#### Work to complete:
Nothing but the lines below from the one containing "当店自慢のしっとりふわふわシ" through the one containing "[2022.07.12] 동북일보-강북노인종합복지관, 무항생제 달걀 100판 지원" should appear in the answer, exact and without pictures.

#### Source information:

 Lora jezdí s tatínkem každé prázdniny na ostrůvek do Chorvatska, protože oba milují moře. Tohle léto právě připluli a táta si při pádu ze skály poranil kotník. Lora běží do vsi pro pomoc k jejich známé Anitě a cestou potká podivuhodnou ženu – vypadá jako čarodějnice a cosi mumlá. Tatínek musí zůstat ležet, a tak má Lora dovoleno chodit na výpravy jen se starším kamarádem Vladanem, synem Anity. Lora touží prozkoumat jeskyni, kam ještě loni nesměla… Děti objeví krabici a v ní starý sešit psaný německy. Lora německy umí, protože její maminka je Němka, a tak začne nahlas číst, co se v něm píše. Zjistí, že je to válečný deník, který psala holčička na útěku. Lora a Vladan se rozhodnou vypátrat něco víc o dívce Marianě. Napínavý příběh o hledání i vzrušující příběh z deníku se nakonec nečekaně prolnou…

* * *

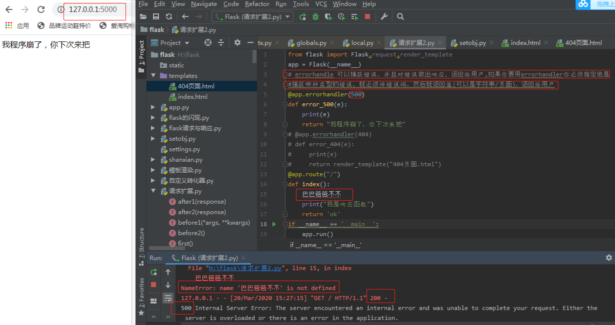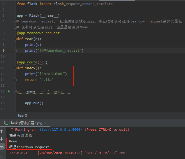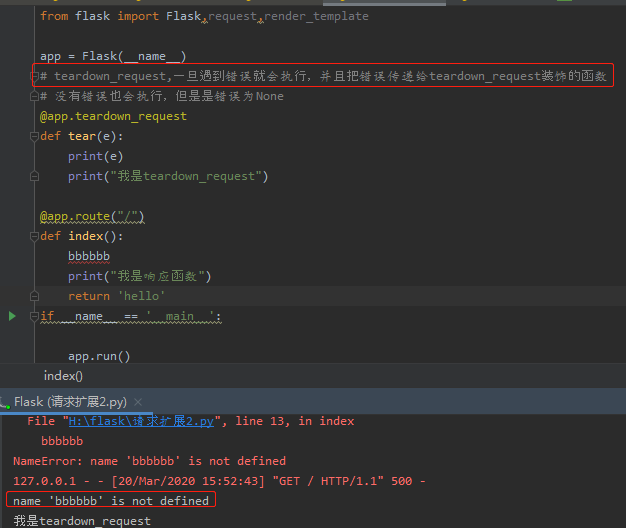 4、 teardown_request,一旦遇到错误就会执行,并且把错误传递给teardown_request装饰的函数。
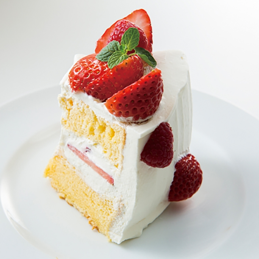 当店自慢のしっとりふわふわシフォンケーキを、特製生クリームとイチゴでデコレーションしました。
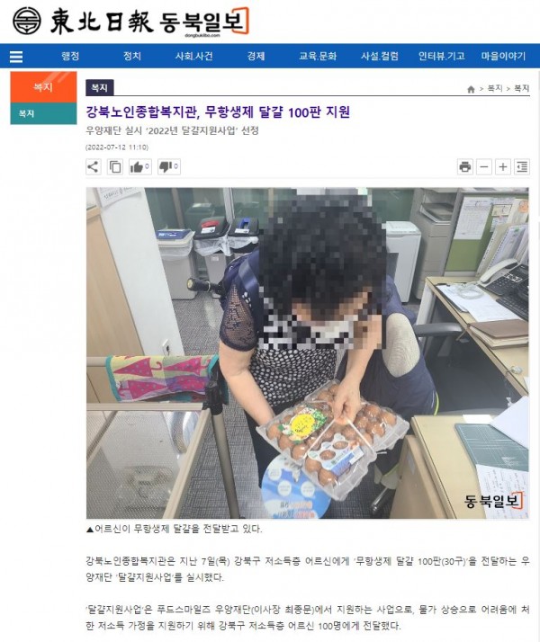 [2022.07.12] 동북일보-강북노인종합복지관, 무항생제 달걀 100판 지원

...

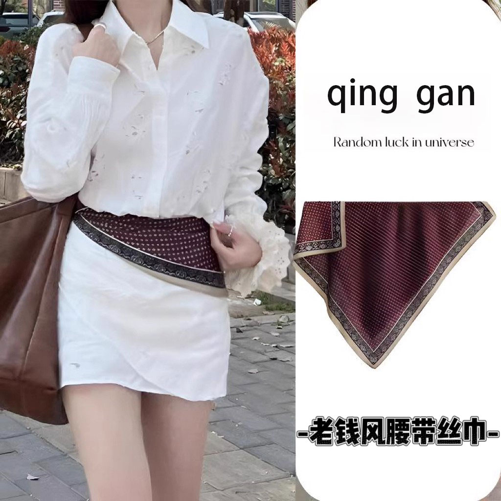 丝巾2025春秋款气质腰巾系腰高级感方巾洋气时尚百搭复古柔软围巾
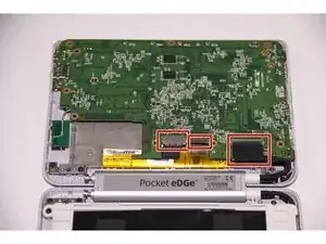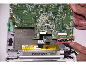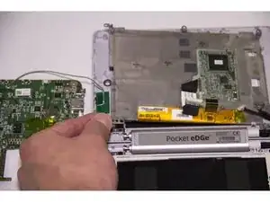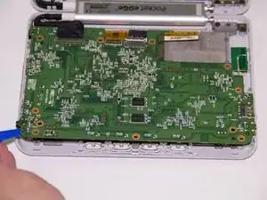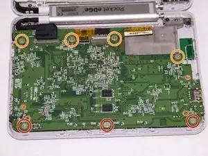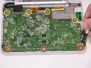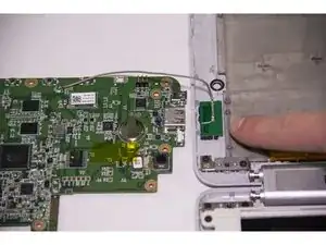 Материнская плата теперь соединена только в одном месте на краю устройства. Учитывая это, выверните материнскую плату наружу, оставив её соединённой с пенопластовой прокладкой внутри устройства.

#### Task answer:
 当店自慢のしっとりふわふわシフォンケーキを、特製生クリームとイチゴでデコレーションしました。
 [2022.07.12] 동북일보-강북노인종합복지관, 무항생제 달걀 100판 지원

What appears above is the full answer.